▶ [What needs to be done]
Transcribe word for word the section of the records below that opens with the line containing "Sells a large" and closes with the line containing "Waarom de Accezz PowerCube"; drop every picture.

▶ [Exercise data]

+ + +

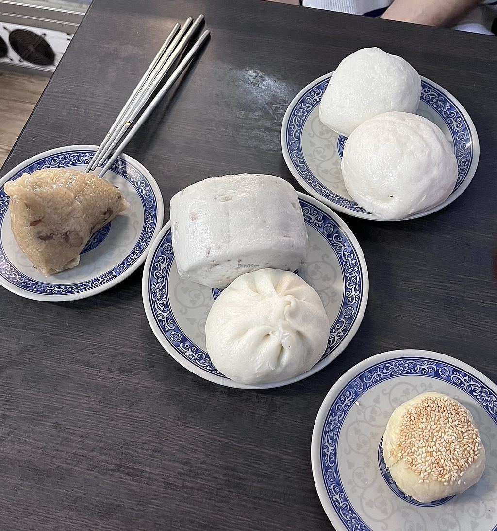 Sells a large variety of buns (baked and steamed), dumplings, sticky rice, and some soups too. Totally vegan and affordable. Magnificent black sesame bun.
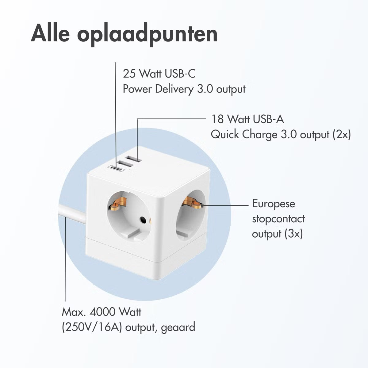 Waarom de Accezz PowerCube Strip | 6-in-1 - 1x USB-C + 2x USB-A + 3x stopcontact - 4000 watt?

+ + +

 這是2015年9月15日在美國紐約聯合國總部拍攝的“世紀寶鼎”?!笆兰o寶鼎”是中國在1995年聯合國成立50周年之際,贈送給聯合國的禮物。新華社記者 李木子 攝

+ + +

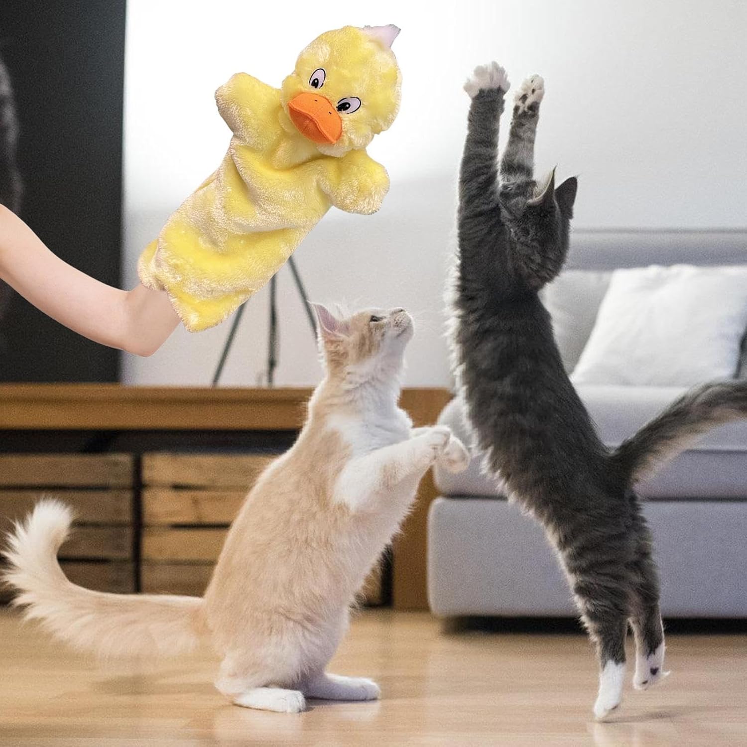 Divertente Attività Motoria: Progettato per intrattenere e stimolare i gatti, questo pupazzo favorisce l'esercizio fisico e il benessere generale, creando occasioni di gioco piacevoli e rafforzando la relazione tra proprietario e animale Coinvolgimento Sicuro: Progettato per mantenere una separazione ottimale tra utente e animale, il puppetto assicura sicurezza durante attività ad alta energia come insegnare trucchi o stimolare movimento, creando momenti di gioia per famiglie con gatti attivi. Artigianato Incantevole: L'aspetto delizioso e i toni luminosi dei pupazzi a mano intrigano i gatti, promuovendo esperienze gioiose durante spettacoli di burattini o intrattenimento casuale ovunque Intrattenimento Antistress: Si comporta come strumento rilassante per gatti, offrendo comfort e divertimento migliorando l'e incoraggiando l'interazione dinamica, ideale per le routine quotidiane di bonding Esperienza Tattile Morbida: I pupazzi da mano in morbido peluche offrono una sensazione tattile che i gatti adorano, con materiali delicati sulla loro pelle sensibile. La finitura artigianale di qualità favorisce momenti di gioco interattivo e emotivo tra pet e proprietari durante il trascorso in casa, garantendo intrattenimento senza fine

+ + +

▶ [Expected answer]
 Sells a large variety of buns (baked and steamed), dumplings, sticky rice, and some soups too. Totally vegan and affordable. Magnificent black sesame bun.
 Waarom de Accezz PowerCube Strip | 6-in-1 - 1x USB-C + 2x USB-A + 3x stopcontact - 4000 watt?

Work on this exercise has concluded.